Склонившись над Лямой, Федор убедился, что он мертв, плотнее прикрыл холодеющие веки. Даже впотьмах он различал слезливое, испуганно-детское выражение лица несчастного блатаря. В приоткрытом рту тускло виднелась стальная фикса.
— Теперь ты, Ляма, свободен. Ни решеток для тебя, ни заборов… Прости меня, — вздохнул Федор и принялся стаскивать с покойного фуфайку, рукавицы — все, чем мог утеплиться сам. Мертвый в тепле не нуждается.

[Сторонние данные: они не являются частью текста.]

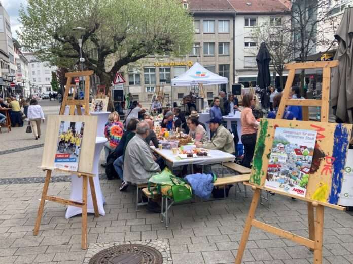 Neben der Straßenkunst stand die Innenstadt Kaiserslauterns am Samstag auch ganz im Zeichen der Inklusion. Anlässlich des europäischen Protesttags zur Gleichstellung von Menschen mit Behinderungen am 5. Mai hatte eine Arbeitsgruppe um Steffen Griebe, dem Beauftragten für die Belange von Menschen mit Behinderung der Stadt Kaiserslautern, zum gemeinsamen Essen an den Riesenbrunnen geladen. Wer wollte, konnte sich einfach dazu setzen und auch gerne seine eigenen Speisen und Getränke mitbringen. Seitens der Veranstalter standen Kaffee, Erfrischungsgetränke sowie kleine Snacks parat. Die plakative Ausstellung „Orte für alle – Zukunft barrierefrei gestalten“ und die Live-Musik von Barnickel & Wood taten ein Übriges, um allerlei Menschen anzulocken, die sich gerne die Zeit für einen kleinen Austausch nahmen.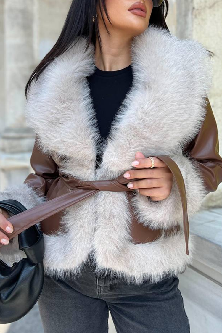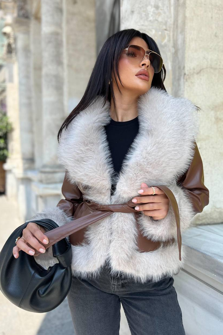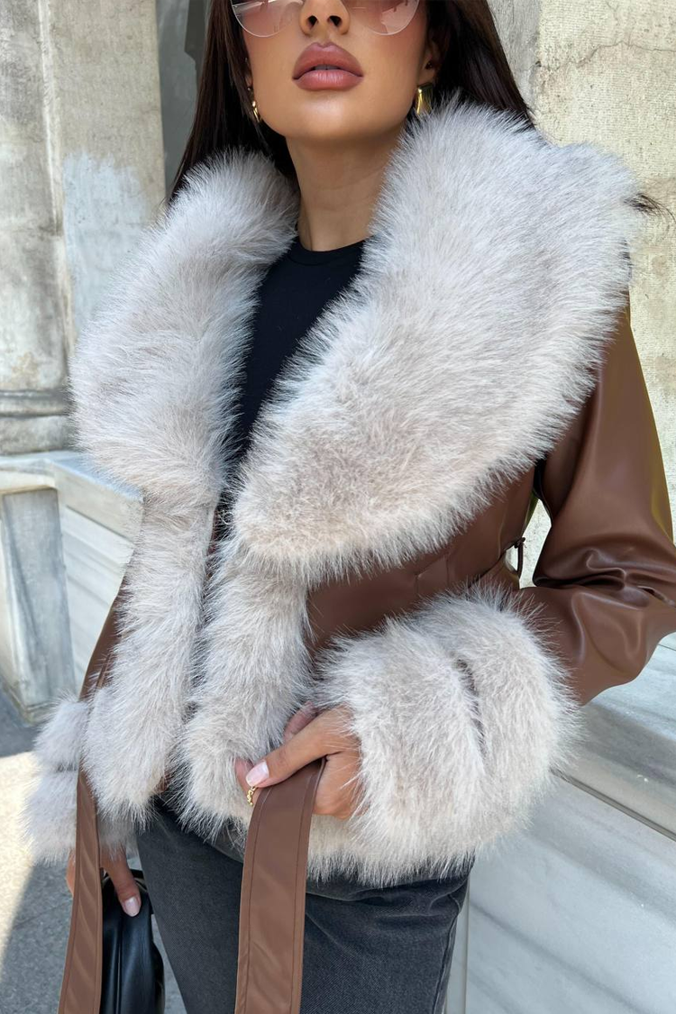 - Model wykonany z ekoskóry, z obszernym kołnierzem z futerkiem w kolorze ecru i paskiem z tego samego materiału.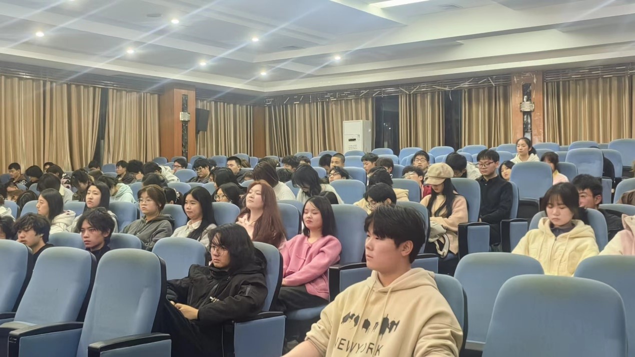 随后,潘贵民老师就日语系历史及传承、日语专业能力培养、日语系的前景及学风建设要求等四个部分进行了主讲与部署。在日语专业能力的培养方面,潘贵民老师从语言、知识和能力三方面进行了深入解读,他认为学习日语要多记多讲,要有适合自身的方法,同时也要注重知识的积累和能力的培养。针对学风的建设问题,潘贵民老师要求学生们要努力做到不缺课不旷课,上课时前排就坐,减少手机的使用时间,端正学习态度,提高上课积极性等;此外,日语系将努力推动日语角活动的开展,让学生们能更多地了解和认识日本文化。在最后的问答环节中,同学们热情参与互动,潘贵民老师宝贵的经验与精彩的分享使在座同学受益匪浅,现场气氛热烈融洽。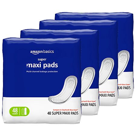 Model: Amazon Basics Thick Maxi Pads for Periods, Super Absorbency, Unscented, 192 Count (4 Packs of 48) (Previously Solimo)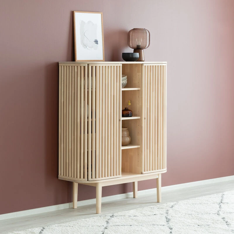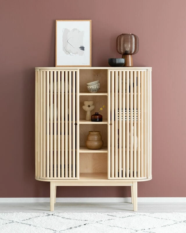 Rima tuotesarjan uusin tulokas on kaunis Rima kaappi, jossa on runsaasti hyllytilaa säilyttää esimerkiksi astioita ja maljakoita tai muita kodin pienesineitä. Lisäämällä hyllyille koreja, toimii kaappi myös kauniina eteistilan säilytysratkaisuna esimerkiksi asusteille.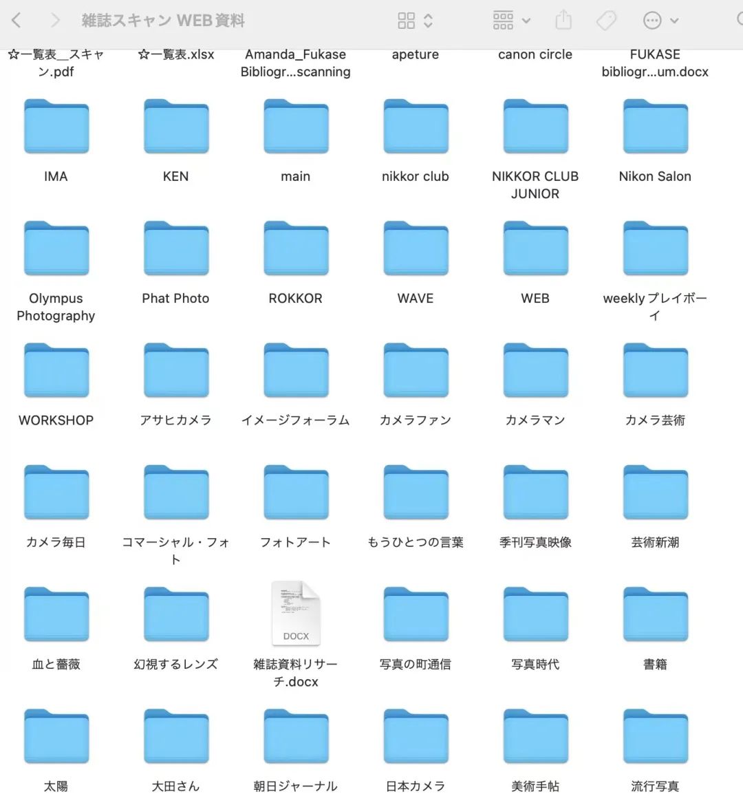 每个文件夹里面都会有不同年份的扫描资料,就是说深濑他在每个年份不同的月份去到各个不同杂志发表的作品都是不一样的,所以我觉得观看一个艺术家所有的作品,其实是可以很好的去帮助我们理解一个摄影师创作的历程。同时我也感受到这次空间设计和平面设计,图录的编辑和校阅,这些集体努力和协作的重要性。由于是深濑昌久的个展在疫情暂缓的时候,我也得到了大家的帮助,在跟随访谈的时候能够感受到他们身上对于日本摄影黄金时代的辉煌和对摄影的热爱以及对深濑的怀念和不舍,这也使得我们可以通过这次策展,回溯深濑在1970年代发表的作品,重新挖掘出深濑的多面性。今天的分享就到这里,非常感谢蚂蚁摄影提供这个平台,让我可以分享日本策划展览的经历,希望之后有机会还可以分享更多的摄影的研究内容,谢谢大家。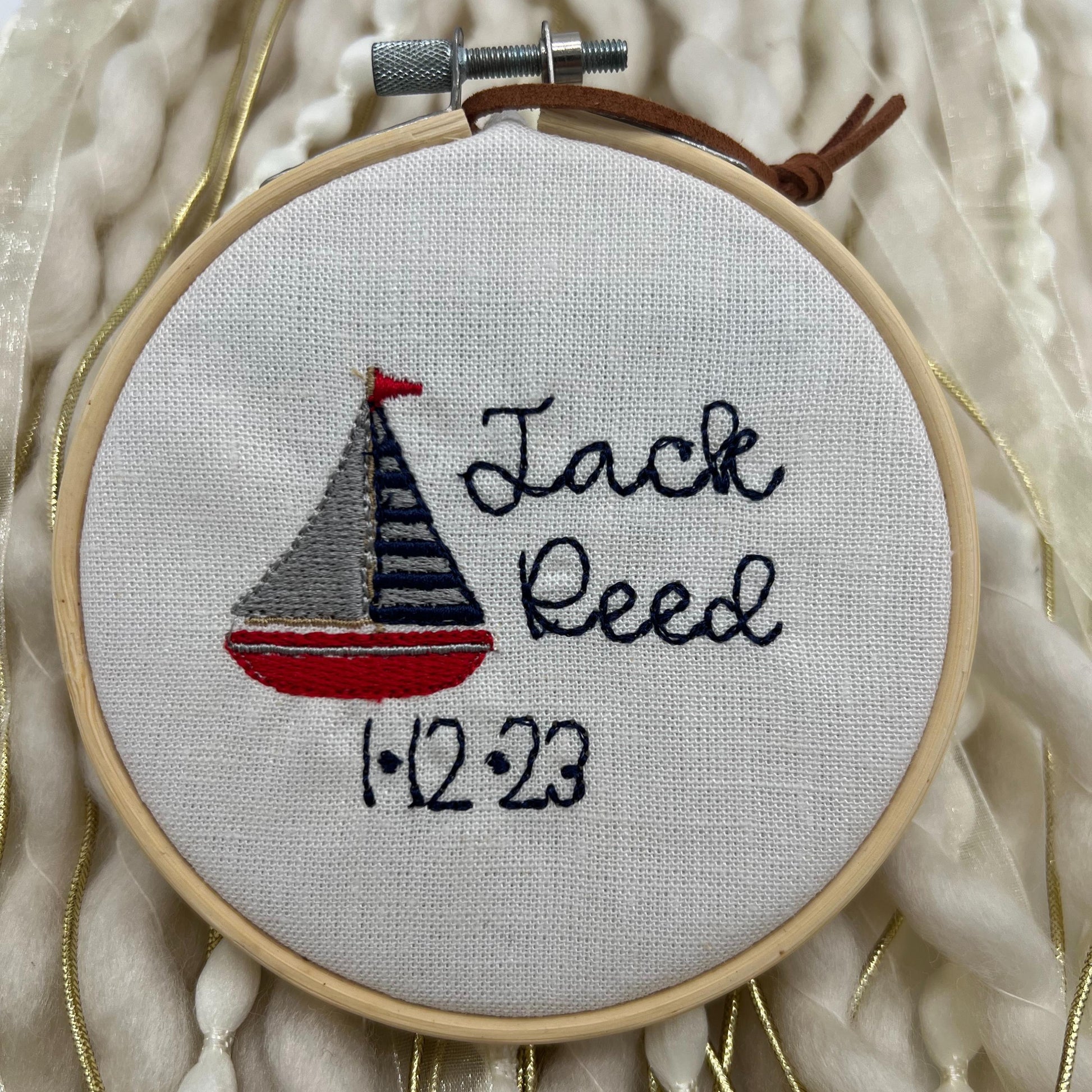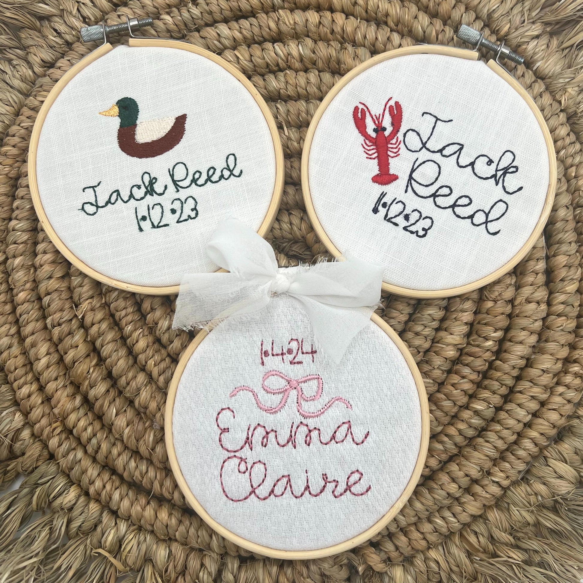 Celebrate the arrival of your bundle of joy with a custom embroidered name hoop, a delightful baby birth announcement sign that doubles as personalized embroidery hoop baby name wall art, ensuring a cherished keepsake and a unique baby shower gift ornament.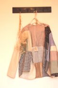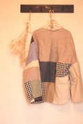 リネン、コットンリネン、端切れをパッチして他にはない、個性のある柄合わせでお作りしました。

Укутавшись, Федор долго лежал без сна, мысленно разговаривал с дедом Андреем: «Вот, дед, спознал я твоего же счастья. Как тебя жизнь на бандитство вывела — не знаю. Но теперь точно знаю: почему ты меня к своему дружку посылал… Пускай четыре года мои — законные. За нож А еще пять — клеенные ни за что ни про что. Не понял я тебя тогда. Мне твои слова вдичь показались. А теперь дошло. Девять годов я здесь не просижу…» И хотя сейчас путались мысли Федора в этой заточительной клетке, возле умершего, прощенного недруга, оправданным виделся прежний дедов наказ. Неспроста он, родной дедушка, своему внуку не враг, не злоумышленник, подсказывал путь к свободным уральским лесам. Это тогда, когда примчался из Раменского к деду Андрею, казалось немыслимым скрываться под чужим именем, находясь в вечном побеге. Да чего же тут дикого? Сдохнуть рядом с Лямой — разве лучше? Жизнь-то, как ни верти, одна. Не захочешь сдохнуть, так по любой дороге пойдешь. Со злодейством-то в душе не родятся. Злодейство миром дается. Нечего тогда перед этим миром и каяться… Да и вовсе отчет за грехи держать не перед кем… А может, и ждет кто-то на том свете? Нет, Бог пускай сам с себя спрашивает. Всякий человечий грех на себя примеряет. Это его рук дело… Федор резко тряхнул головой. С ума бы здесь не свихнуться. Карцер-то, видать, на то и придуман, чтоб человек не только оголодал, но и обестолковел. И от мысли, что здесь он может сойти с ума, Федору стало душно и жутко. Показалось, что Ляма пошевельнулся.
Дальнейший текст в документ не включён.